*** Opening of DATA EXTRACTS ***
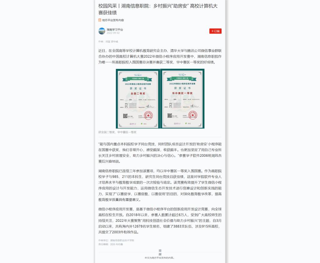 9月2日,学习强国发布《校园风采丨湖南信息职院:乡村振兴“助房安” 高校计算机大赛获佳绩》
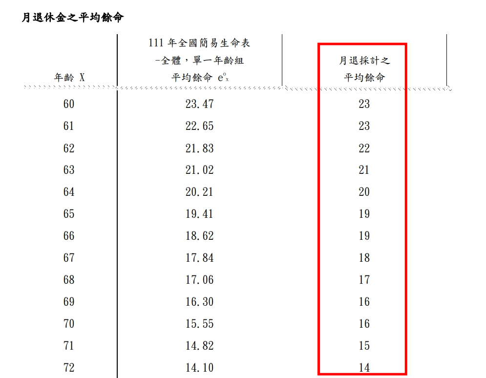 不同年齡的平均餘命表,請參考下圖(年金生命表)
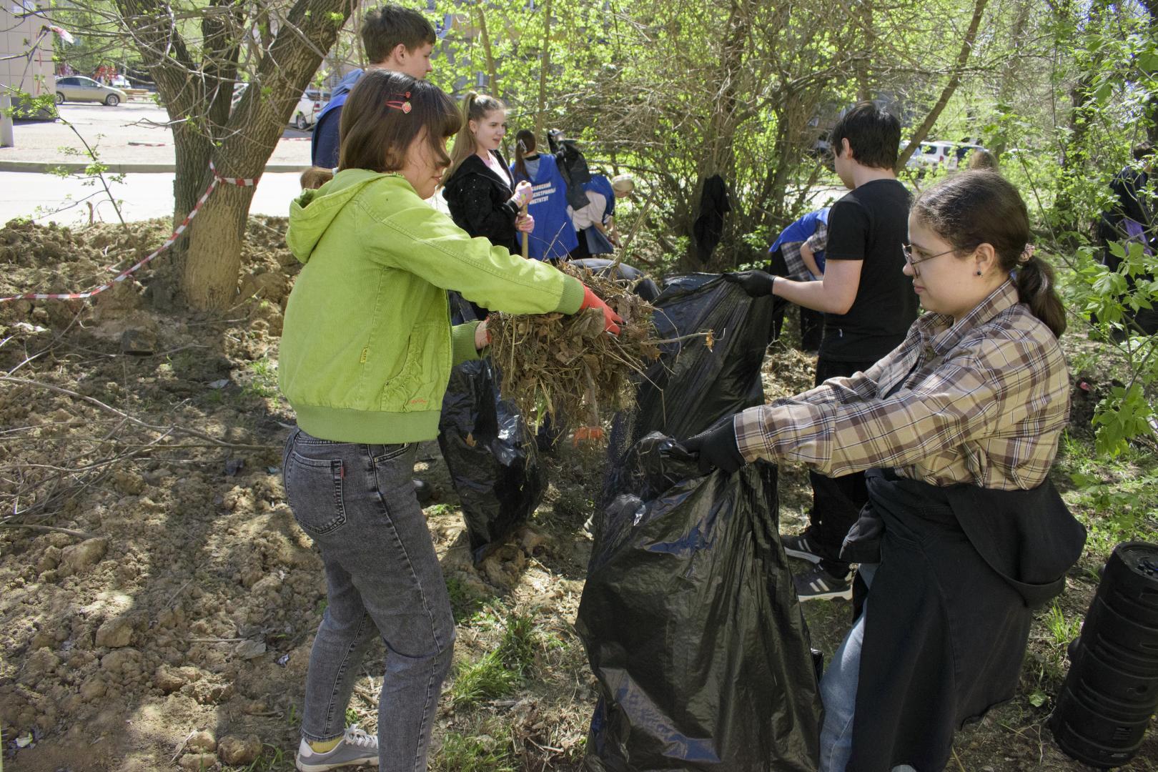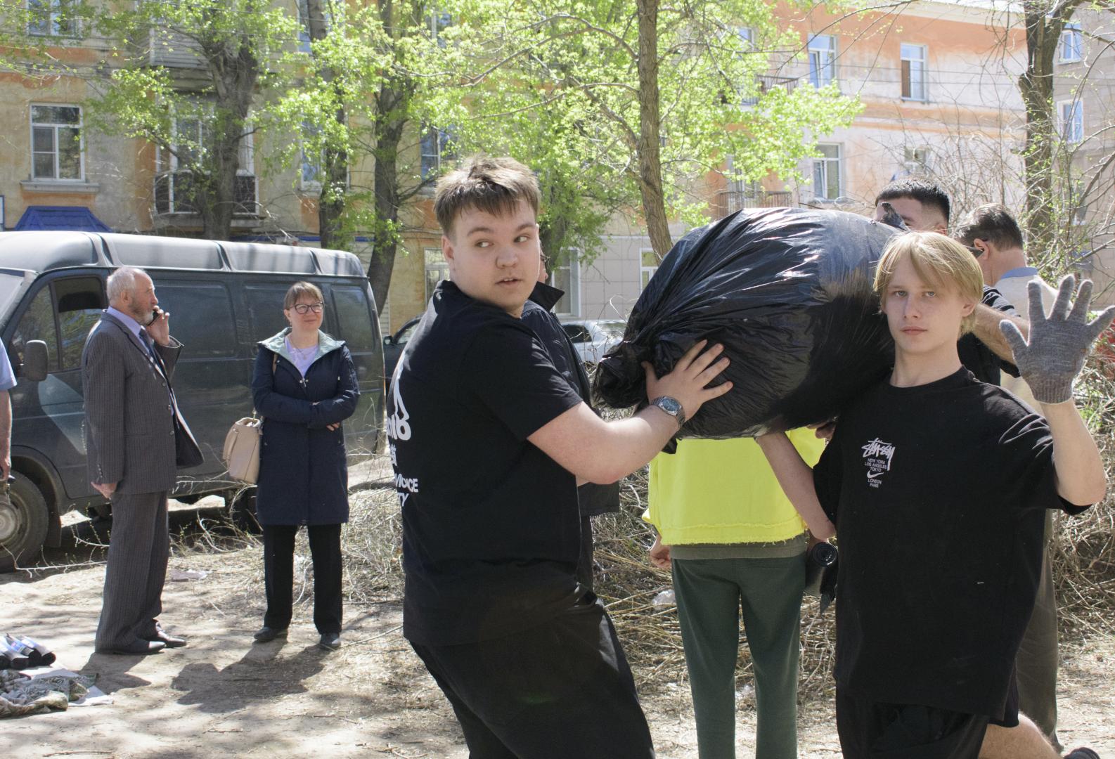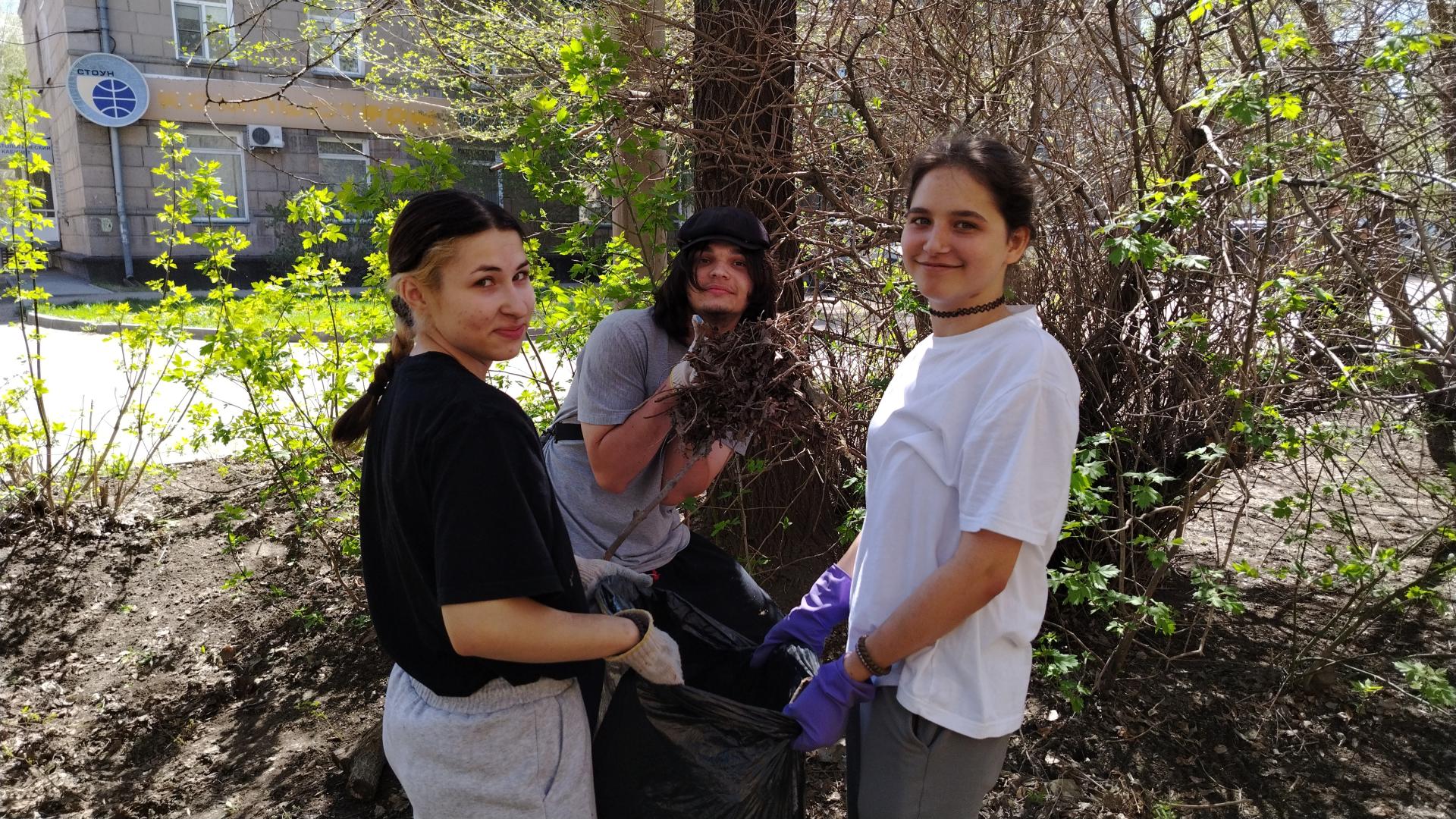 Особо стоит отметить активность студентов: они не только старательно выполняли свои задачи, но и придумывали забавные мини‑соревнования — например, кто быстрее наполнит мешок листьями или, кто найдёт самый необычный предмет среди мусора.
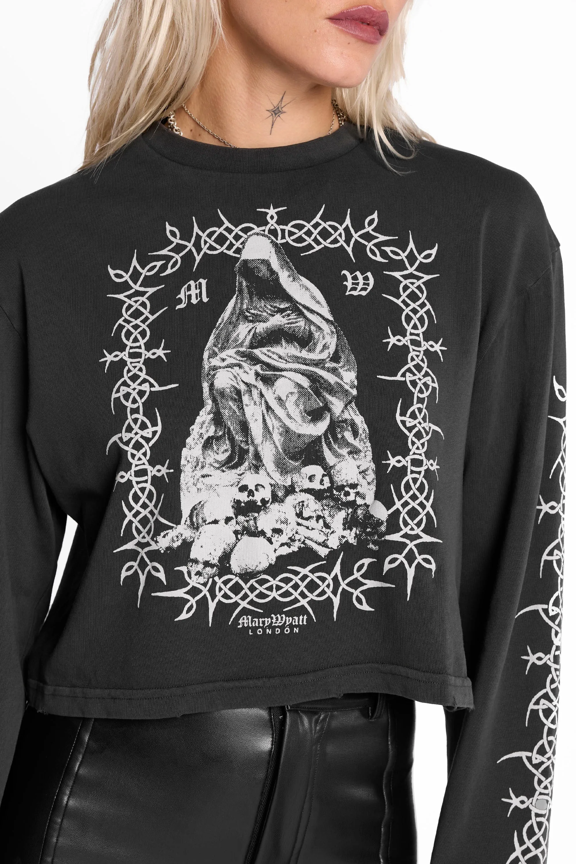 The Sanctum tee features a melancholy martyr atop a pile of skulls, complete with a gnarly border that also embellishes both sleeves.
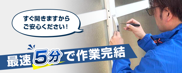 鍵の種類や状況にもよりますが、5分~15分程度あればほとんどの鍵の解錠が可能です。
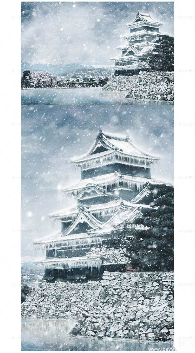 PS动作-PS雪景动作影楼后期合成素材插件 一键制作逼真的雪景图 下雪飘雪雪花
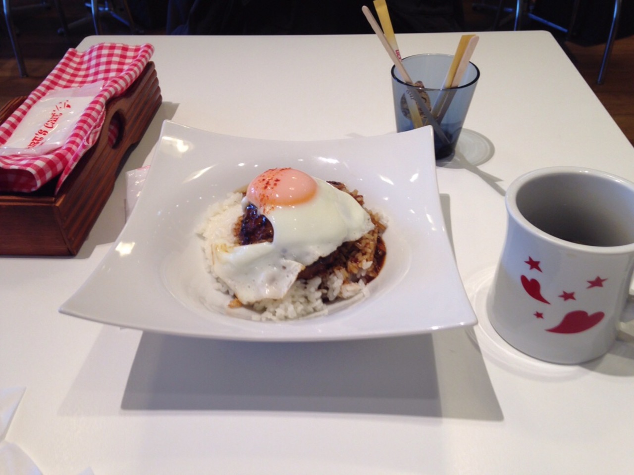 堂島リバーフォーラムの1階にあります。平日のお昼時に行きましたが空いていました。折角なので1日20食限定のロコモコ大阪堂島スペシャルランチセットを注文。5分~10分待つけど良いかと聞いてくれたのは良いのですがその間コーヒーが一番最初に出てきたのには閉口しました。ロコモコはハンバーグを切るとジュワーっと肉汁が出てきて食欲を誘いましたが味があんまり付いていなかったです。
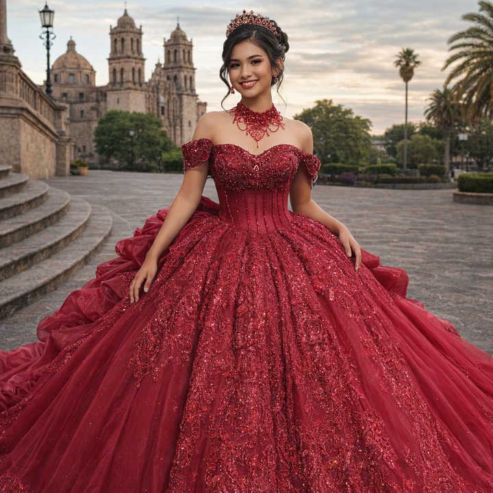 Robe de bal Quinceañera élégante rouge à volants et décolleté cœur avec corset, perles et appliqués, taille naturelle, écologique - Modèle XS262
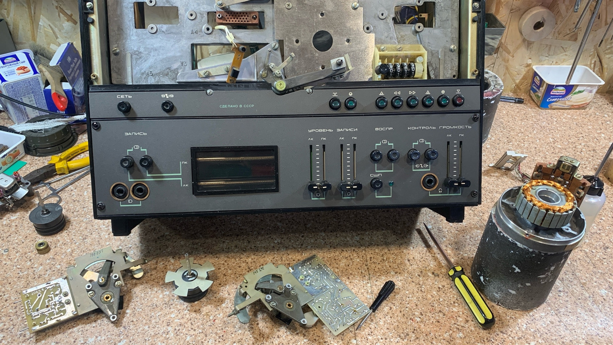 Регулярно проводите ТО своих аппаратов согласно указаний в Инструкции по эксплуатации. В противном случае получите вот это: Смазать подшипники скольжения инерционных роликов не просто, поэтому рядовые пользователи этим не заморачиваются, а напрасно. Лично я регулярно провожу ТО своих магнитофонов, именно поэтому они прекрасно работают уже много-много лет. Разумеется, аппарат необходимо разобрать: снять узлы натяжения и ведущий двигатель. Я заклеиваю отверстия подшипников инерционных роликов: Или затыкаю их ватной палочкой: После чего заливаю масло Т-22. И оставляю на несколько часов. Это необходимо для того, чтобы масло "напитало" бронзографитовые втулки - масло должно проникнуть внутрь. Аналогичная процедура и с ДБ-95. Отверстие плотно забито ватным диском, внутрь залито ВНИИНП 50-1-4-Ф. Масло жалеть не надо, его можно приобрести, в отличии от двигателей и других узлов аппарата.
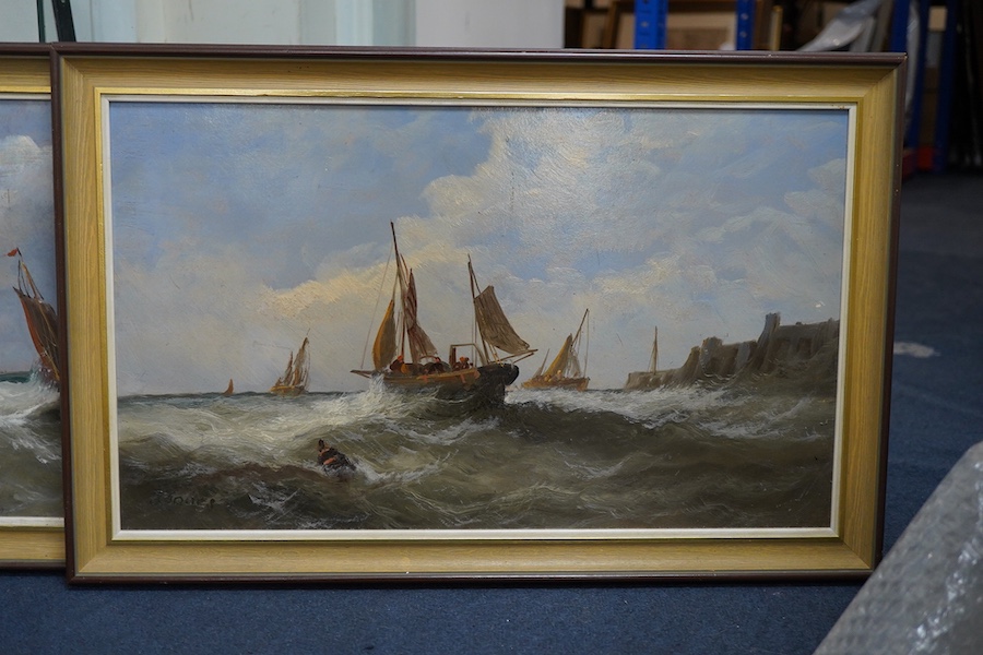 J. Jones, shipping scenes, each signed, pair of maritime interest oils on board, 29 x 49cm
*** Close of DATA EXTRACTS ***
*EXERCISE OBJECTIVE*:
Above are the records; return the lines in them from the one with "堂島リバーフォーラムの1階に" to the one with "Robe de bal", inclusive, exactly and without images.

*OUTPUT FOR THIS EXERCISE*:
 堂島リバーフォーラムの1階にあります。平日のお昼時に行きましたが空いていました。折角なので1日20食限定のロコモコ大阪堂島スペシャルランチセットを注文。5分~10分待つけど良いかと聞いてくれたのは良いのですがその間コーヒーが一番最初に出てきたのには閉口しました。ロコモコはハンバーグを切るとジュワーっと肉汁が出てきて食欲を誘いましたが味があんまり付いていなかったです。
 Robe de bal Quinceañera élégante rouge à volants et décolleté cœur avec corset, perles et appliqués, taille naturelle, écologique - Modèle XS262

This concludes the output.